## Material for the task:
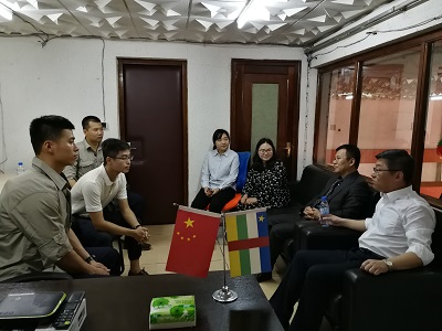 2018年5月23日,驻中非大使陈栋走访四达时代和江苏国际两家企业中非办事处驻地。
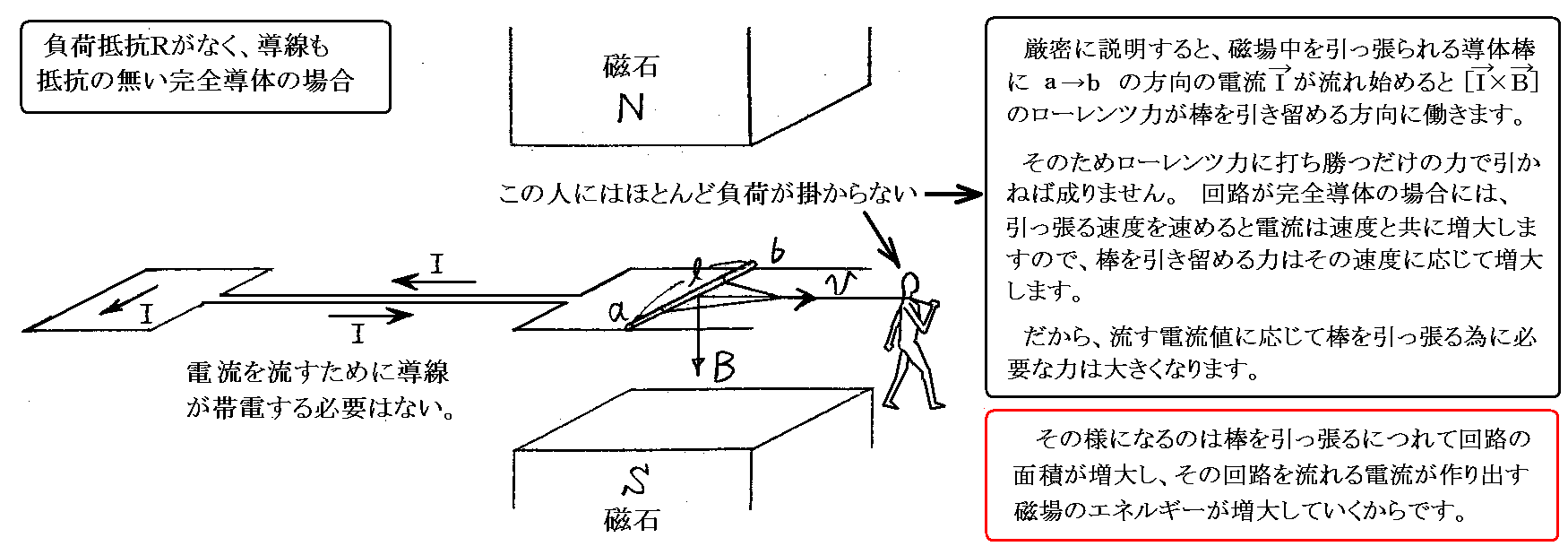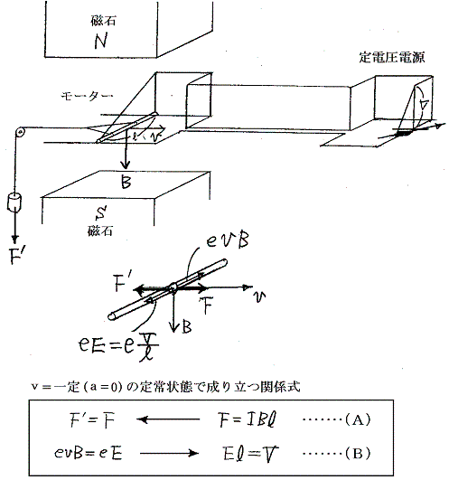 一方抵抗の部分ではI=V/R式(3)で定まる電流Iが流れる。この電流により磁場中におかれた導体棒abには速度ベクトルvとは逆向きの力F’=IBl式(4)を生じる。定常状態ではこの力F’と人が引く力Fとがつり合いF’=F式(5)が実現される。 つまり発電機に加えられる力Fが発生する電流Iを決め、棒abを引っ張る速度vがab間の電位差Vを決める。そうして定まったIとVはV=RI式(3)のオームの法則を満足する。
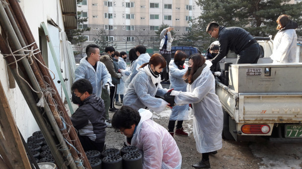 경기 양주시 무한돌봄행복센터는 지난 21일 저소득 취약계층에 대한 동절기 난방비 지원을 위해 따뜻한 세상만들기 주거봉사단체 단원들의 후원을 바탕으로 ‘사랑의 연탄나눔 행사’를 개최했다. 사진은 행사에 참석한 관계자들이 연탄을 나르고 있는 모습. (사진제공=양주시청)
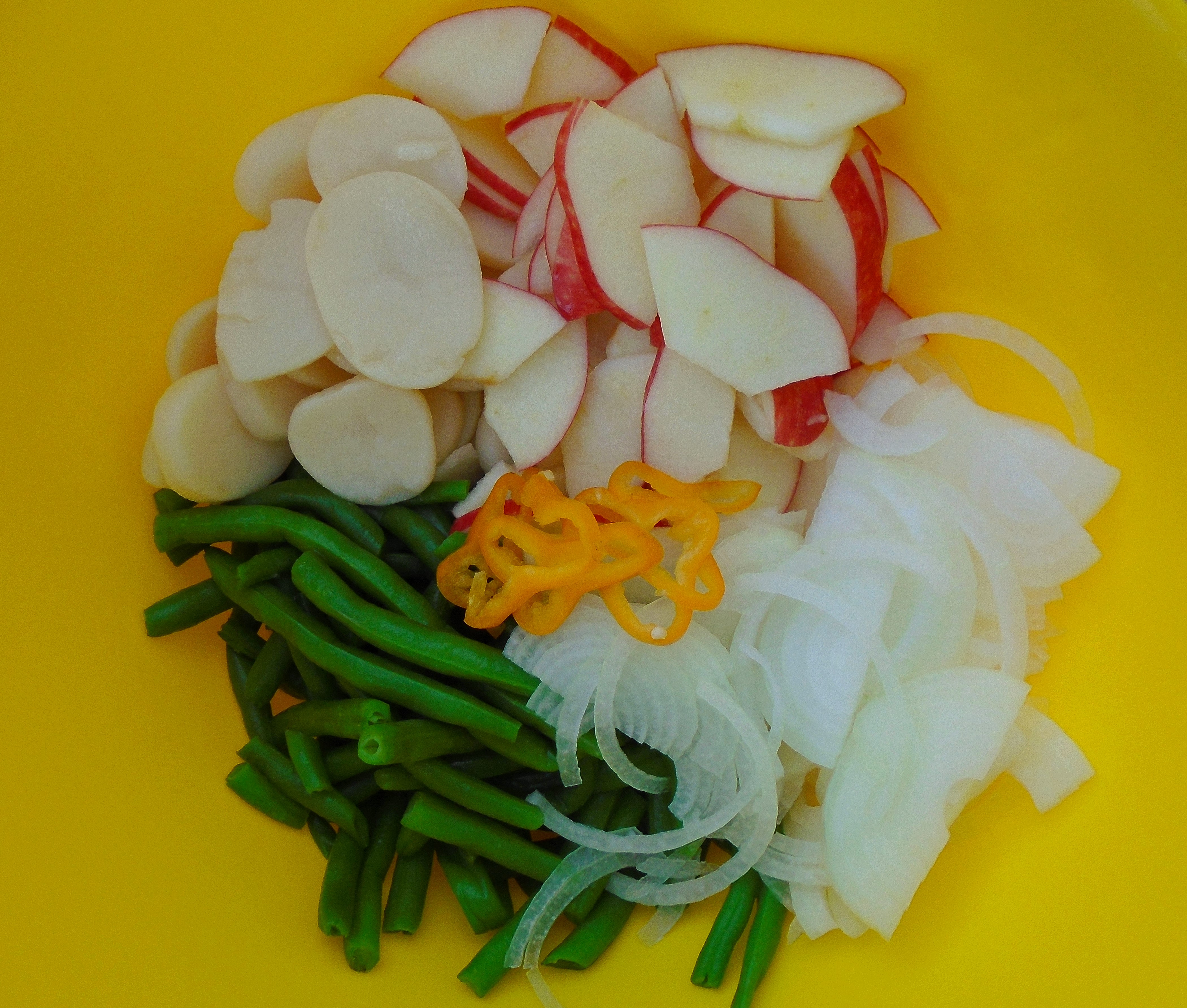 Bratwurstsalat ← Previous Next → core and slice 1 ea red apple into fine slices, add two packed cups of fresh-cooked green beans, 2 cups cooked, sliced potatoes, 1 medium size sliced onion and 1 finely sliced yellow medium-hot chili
---
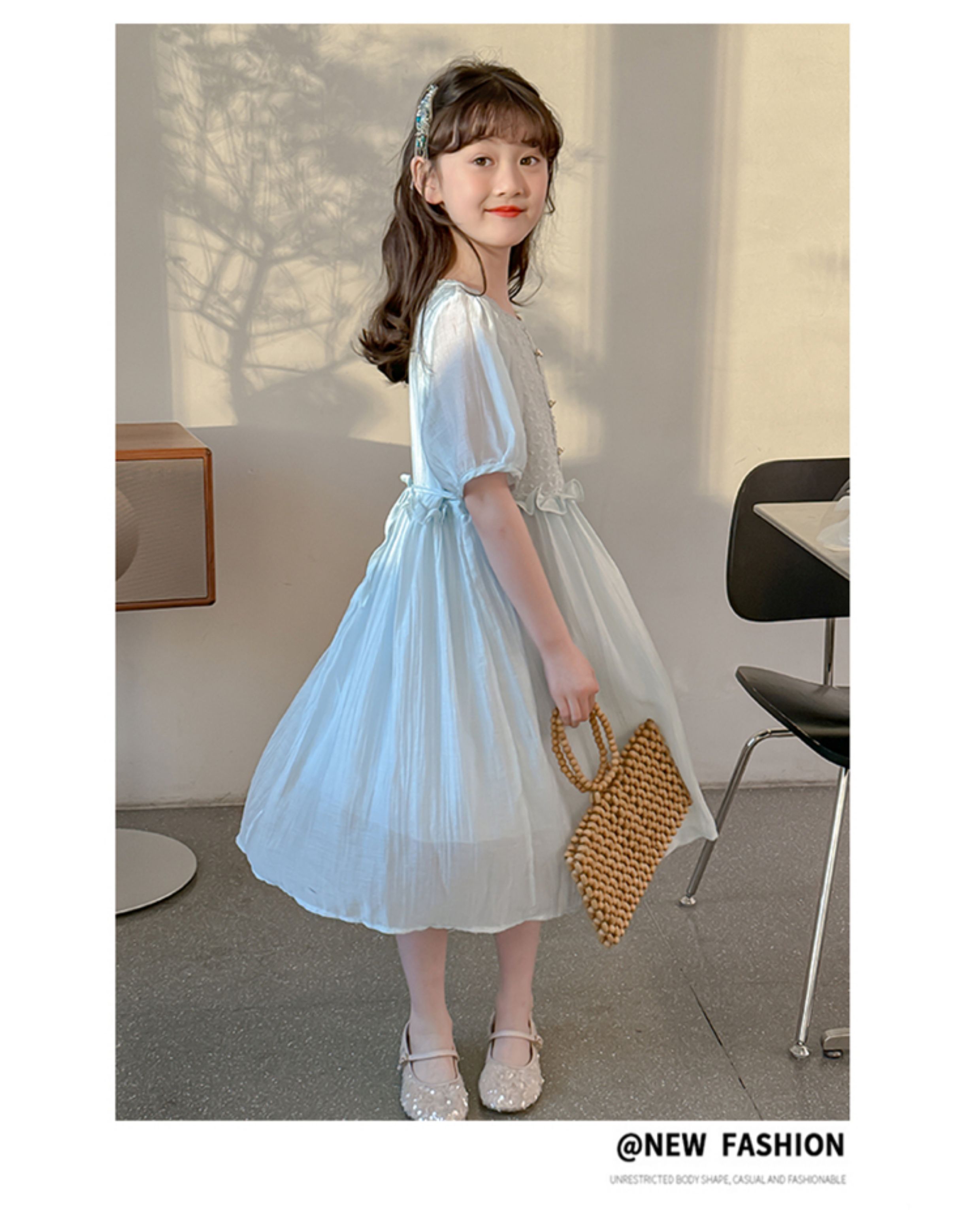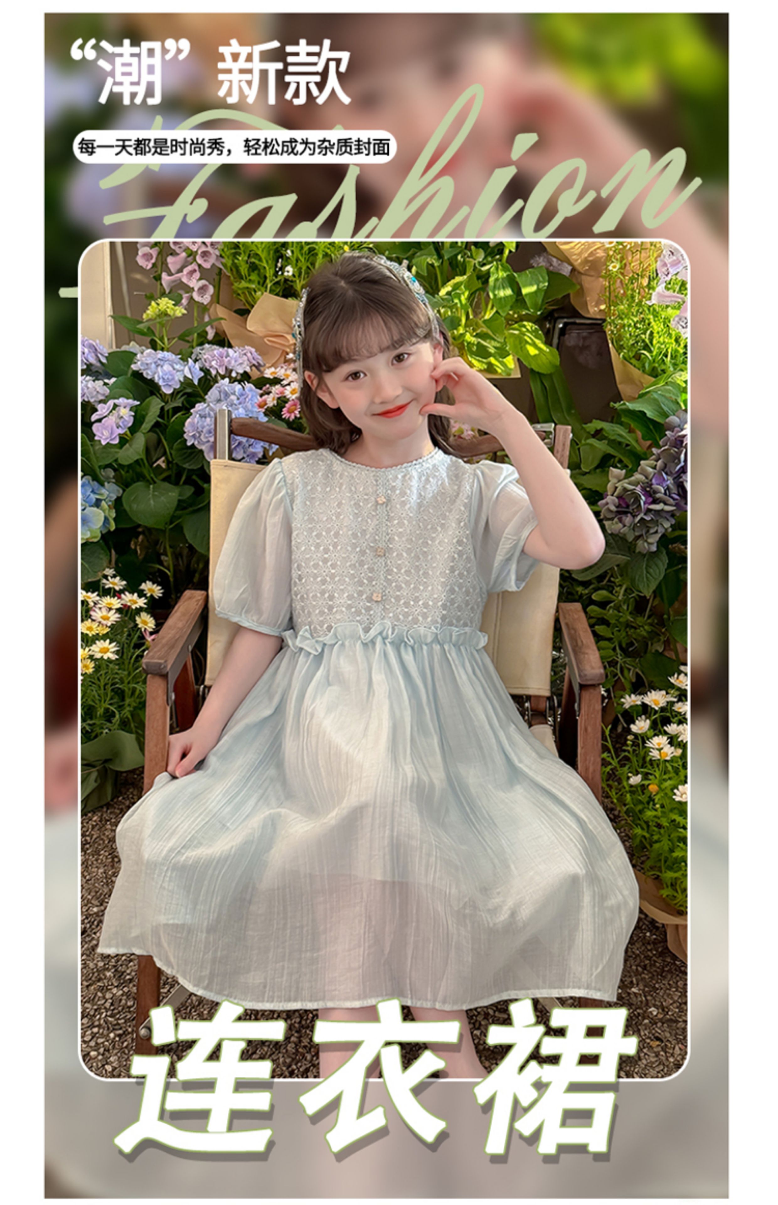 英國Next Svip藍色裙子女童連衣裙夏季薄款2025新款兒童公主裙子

## Exercise objective:
Go to the line above that contains "2018年5月23日,驻中非" and reproduce everything exactly from there through the line that contains "Bratwurstsalat ← Previous", leaving out the pictures.

## Output of the task:
 2018年5月23日,驻中非大使陈栋走访四达时代和江苏国际两家企业中非办事处驻地。
 一方抵抗の部分ではI=V/R式(3)で定まる電流Iが流れる。この電流により磁場中におかれた導体棒abには速度ベクトルvとは逆向きの力F’=IBl式(4)を生じる。定常状態ではこの力F’と人が引く力Fとがつり合いF’=F式(5)が実現される。 つまり発電機に加えられる力Fが発生する電流Iを決め、棒abを引っ張る速度vがab間の電位差Vを決める。そうして定まったIとVはV=RI式(3)のオームの法則を満足する。
 경기 양주시 무한돌봄행복센터는 지난 21일 저소득 취약계층에 대한 동절기 난방비 지원을 위해 따뜻한 세상만들기 주거봉사단체 단원들의 후원을 바탕으로 ‘사랑의 연탄나눔 행사’를 개최했다. 사진은 행사에 참석한 관계자들이 연탄을 나르고 있는 모습. (사진제공=양주시청)
 Bratwurstsalat ← Previous Next → core and slice 1 ea red apple into fine slices, add two packed cups of fresh-cooked green beans, 2 cups cooked, sliced potatoes, 1 medium size sliced onion and 1 finely sliced yellow medium-hot chili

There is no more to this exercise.